MSCI’s broadest index of Asia-Pacific shares outside Japan fell 0.53%, Japan’s Nikkei dropped 1.9% and Chinese blue chips shed 0.4%

Asian shares retreated on Thursday in line with a global selloff, as markets were spooked by more aggressive comments from US policymakers about the need for tighter monetary policy, which also kept the dollar near a two-year peak.

MSCI’s broadest index of Asia-Pacific shares outside Japan fell 0.53% and Japan’s Nikkei dropped 1.9%.

The whole political and policy stance in the U.S. has shifted, and markets are starting to get that, said Redmond Wong, a market strategist at Saxo Markets Hong Kong. Attention has really moved towards quantitative tightening after all those Fed speakers and the minutes yesterday, and the objective is to tighten financial conditions and depress aggregate demand. I think the Fed is willing to accept some softness and wants to cool down the labour market, unlike in the past they wanted to protect it.

Minutes of the Fed’s March 15-16 meeting released Wednesday, showed deepening concern among policymakers that inflation had broadened through the economy.

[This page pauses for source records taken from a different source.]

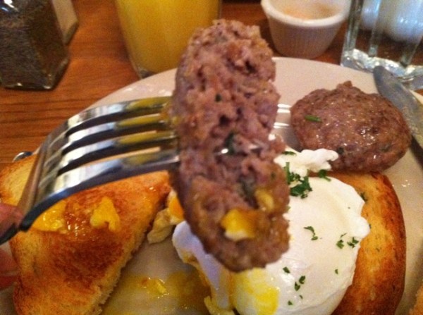 I ordered the Farmhouse Breakfast ($10.25). It consists of two poached eggs atop what they called home-made dill-onion toast and two pieces of home-made sausage. It sounded very good to me, and for the most part, it was.
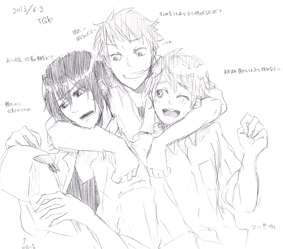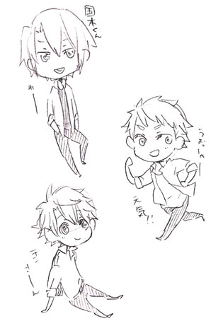 スキャナりました。前回描いたテンくん、元気、国くんの三人をまあざっとですが頭身ちゃんとさせたやつです。
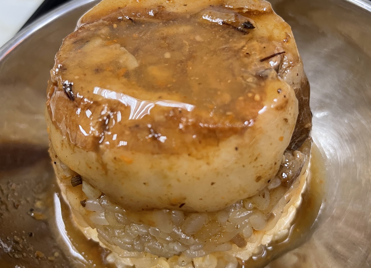 米糕肥肉的口感比瘦肉好 肉很少 米糕本身也很普通 甚至底部吃起來有點乾掉沒熟硬硬的 覺得是贏在醬很不錯吃
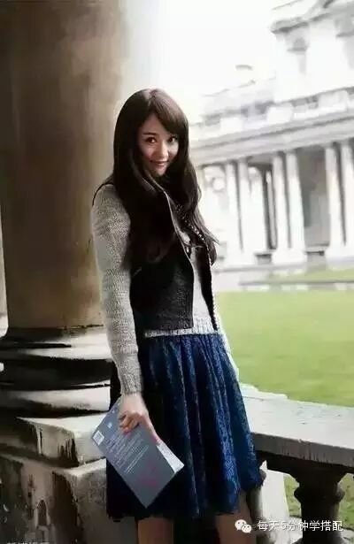 灰色毛衣搭配蓝色蕾丝裙,很常见的穿搭,外套皮衣小马甲,很有层次感。
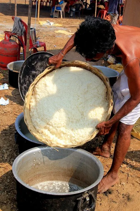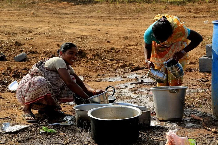 All water for dishes cooking and drinking for the Puja event was also hand pumped and carried in 1/4 mile by these women.
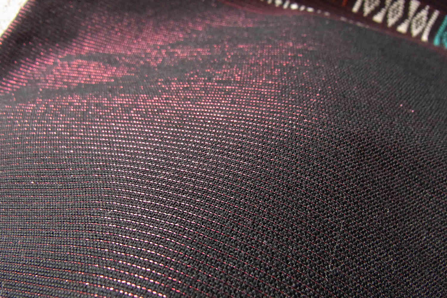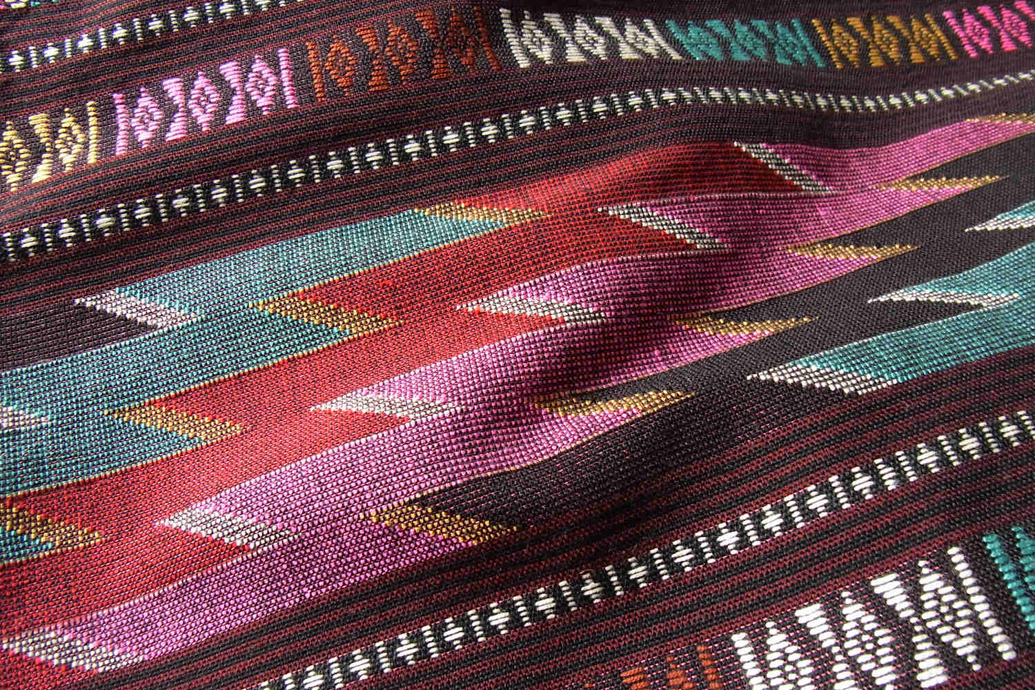 こちらの浮織り布はシン(腰衣)用につくられた織物で、赤のラメ糸と共に織り上げられた黒を基調に、華やかな彩りの浮織りとタイ・ルー族伝統のナームライ模様が綴られております(ラメ糸の様子はサムネイル画像5番を参照下さい)。
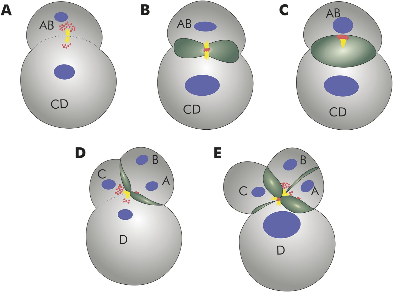 Schematic representation of lumen formation during Dreissena rostriformis cleavage as proposed by Zieger et al. (2022). (A) Aquaporin (red) accumulation at the cytokinetic bridge (yellow). Cell nuclei in blue. (B) Aquaporin is recruited to the midbody during cleavage. Cleavage cavity (green) formation is initiated. (C) Expansion of the cleavage cavity and separation of the blastomeres AB and CD. One of the two daughter cells inherits the aquaporin immunoreactive midbody remnant. (D) The larger CD blastomere divides slightly earlier than the smaller AB blastomere, giving rise to a transient three-cell stage. Note the aquaporin accumulation prior to formation of the second midbody between blastomeres C and D. Two additional cytokinetic bridges are produced by the second round of cleavages; these bridges are displaced towards the interface between the A/D and B/C blastomeres in the middle of the embryo. (E) Subsequent cleavages result in additional cavities along the cleavage furrows of forming blastomeres with aquaporin remaining accumulated along the cavity membranes.
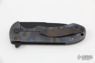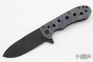 This Framelock Flipper by Michael Burch features a black blade with a notched thumbrest and flipper. The handle has a flame anodized titanium frame over a G-10 backspacer. Flame anodized titanium tip up clip. Nice detent, lockup and blade seating. Has some scuffs, otherwise good condition.
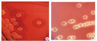 图 7 A:双溶血环金黄色葡萄球菌24 h的菌落形态; B:金黄色葡萄球菌标准菌株的菌落形态

U.S. Federal Reserve Governor Lael Brainard said on Tuesday she expects rapid reductions to the central bank’s balance sheet.

Wong said that in the long run positive real interest rates would be good for the global economy, but in the medium term there would be a repricing of assets.

Overnight all three major U.S. benchmarks fell with the Nasdaq Composite worst hit, losing 2.22%. In Asia trade S&P 500 futures fell 0.26% and Nasdaq futures fell 0.22%.

Also on investors’ minds was the situation in China, which is grappling with a new outbreak of COVID-19.

Shanghai, currently under a city-wide lockdown, reported nearly 20,000 new cases on April 6 – the vast majority asymptomatic – the local government said on Thursday.

Chinese blue chips shed 0.4%, although the Hong Kong benchmark was flat, buoyed by mainland developers after local governments eased restrictions on the property sector.